-----------------------------------------------------------------------
Авт.сб. "На испытаниях". М., "Советский писатель", 1990.
OCR & spellcheck by HarryFan, 12 February 2001
-----------------------------------------------------------------------
Москва клеила стекла. Проходил первый месяц, наступал второй месяц
войны.
Повсюду на подоконниках, в проемах раскрытых окон, стояли женские
фигуры - перекликались, пересмеивались, обменивались новостями. Они
поднимали бумажные ленты, держа их осторожно за самые кончики, и
крест-накрест наклеивали их на стекла. Всюду сверкали и усмехались белые
кресты. Особенно они выделялись новизной на старых, покосившихся
деревянных домиках - таких еще немало было на окраинах. Иногда попадалась
даже дачная уборная с окошечком всего в ладонь, но тоже с белым крестом.
Стояли прекрасные, яркие, вызывающе-яркие летние дни. Ласточки носились
в голубом воздухе с сумасшедшим визгом. Война еще не показала себя Москве.

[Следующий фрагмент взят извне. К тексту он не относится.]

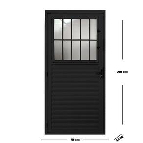 NÃO recomendamos o uso de espuma expansiva na instalação, pois pode danificar o produto. Deve estar em nível e prumo e é imprescindível estar em esquadro para que a funcionalidade e qualidade sejam de 100%. Largura do Batente: 4,5 cm Acompanha Batedor: Não Acompanha Batente: Sim Acompanha Dobradiça: 03 Acompanha Fechadura: Sim Acompanha Guarnição: Não Acompanha Manual de Instalação: Sim Acompanha Puxador: Não Acompanha Trinco: Não Altura: 210 cm Ambiente Principal: Área de Serviço Ambientes Recomendados: Externo, Interno Cor: Preto Cor do Batente: Preto Cor do Produto: Preto Cor do Produto: Preto Cor do Vidro: Incolor Elétrica: Não Escala de Brilho: Semi-Brilho Espessura: 4,5 cm Espessura do Vidro: 3 mm Isolamento Acústico: Não Itens Inclusos: 01 porta Lado de abertura: Direita Largura: 70 cm Linha ou Coleção: Linha 25 Manual de Montagem e Instalação: https://cdn2.madeiramadeira.com.br/atributo/esquadrias-bergame/2312636-5103-17260808427602.pdf Material da Dobradiça: Alumínio Material do Batente: Alumínio Necessita Montagem: Não Número de Folhas: 01 Origem do Produto: Nacional Peso: 12 kg Possui Grade: Sim Recomendações de Uso, Manutenção e Limpeza: Massa de polir, pano perflex Textura da Porta: Veneziana Tipo de Dobradiça: Simples Tipo de Parede: Alvenaria Tipo de Porta: Abrir Tipo de Vidro: Mini Boreal Vidro incluso: Sim Marca: Esquadrias Bergamo

Каждый вечер, ровно в семь часов тридцать минут, начинали выть сирены и
радио объявляло воздушную тревогу. Населению предлагалось организованно
спуститься в убежища. И тут начинался странный, ненастоящий, безмолвный
налет. Где-то, почти неслышно, на самых дальних подступах, ворчали
зенитки, но к городу самолеты не прорывались. Казалось, невидимый,
таинственный враг подкрадывается, подходит к дому на мягких лапах,
стучится, но зенитки говорят: нельзя, и он уходит.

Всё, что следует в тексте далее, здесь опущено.